**RECORDED INFORMATION**

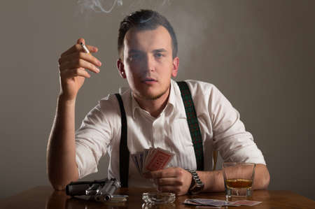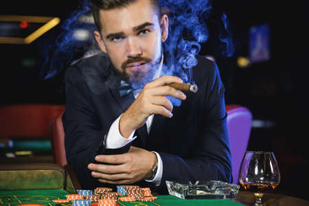 Stylish bearded Man in suit and scarf playing in dark casino, smoking cigar, drink whiskey.
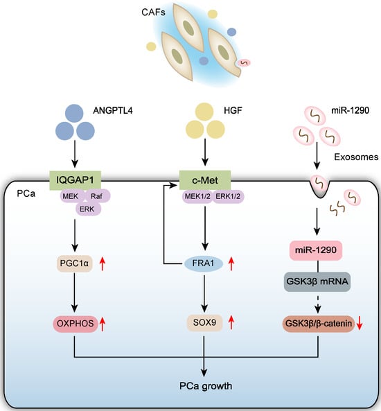Schematic diagram depicts that CAFs drive the progression of PCa through three interconnected mechanisms: (1) ANGPTL4 secretion-mediated activation of the IQGAP1/ERK/PGC1α axis on PCa cell membranes enhancing mitochondrial biogenesis and oxidative phosphorylation function; (2) HGF secretion-triggered signaling that mediates the c-Met/ERK/FRA1 pathway upregulating SOX9 expression to promote tumor growth; (3) Exosomal miR-1290 delivery that inhibits the GSK3β/β-catenin signaling pathway in PCa cells.
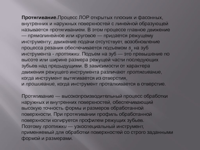 Слайд 6Протягивание.Процесс ЛОР открытых плоских и фасонных, внутренних и наружных поверхностей
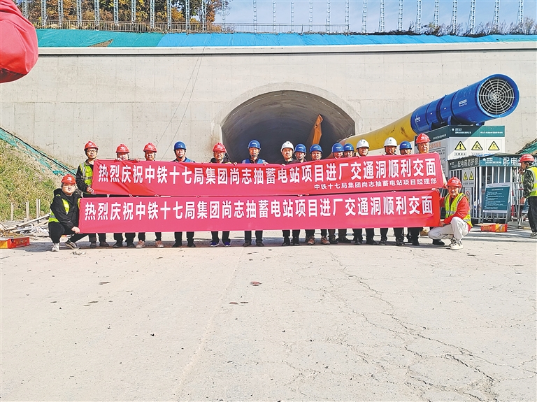 为国庆献礼,为企业争光。近日,由中铁十七局集团承建的黑龙江尚志抽水蓄能电站项目进厂交通洞顺利贯通,交通洞全长1427.12米,该洞的贯通为主体厂房施工建设提供了便利,为电站实现预期发电目标打下了坚实的基础,发扬了“铁军”精神,实现了既定的节点目标。

**PROBLEM**
Where the data contains an image, skip the image and copy everything else exactly as it appears.

**TASK ANSWER**
 Stylish bearded Man in suit and scarf playing in dark casino, smoking cigar, drink whiskey.
Schematic diagram depicts that CAFs drive the progression of PCa through three interconnected mechanisms: (1) ANGPTL4 secretion-mediated activation of the IQGAP1/ERK/PGC1α axis on PCa cell membranes enhancing mitochondrial biogenesis and oxidative phosphorylation function; (2) HGF secretion-triggered signaling that mediates the c-Met/ERK/FRA1 pathway upregulating SOX9 expression to promote tumor growth; (3) Exosomal miR-1290 delivery that inhibits the GSK3β/β-catenin signaling pathway in PCa cells.
 Слайд 6Протягивание.Процесс ЛОР открытых плоских и фасонных, внутренних и наружных поверхностей
 为国庆献礼,为企业争光。近日,由中铁十七局集团承建的黑龙江尚志抽水蓄能电站项目进厂交通洞顺利贯通,交通洞全长1427.12米,该洞的贯通为主体厂房施工建设提供了便利,为电站实现预期发电目标打下了坚实的基础,发扬了“铁军”精神,实现了既定的节点目标。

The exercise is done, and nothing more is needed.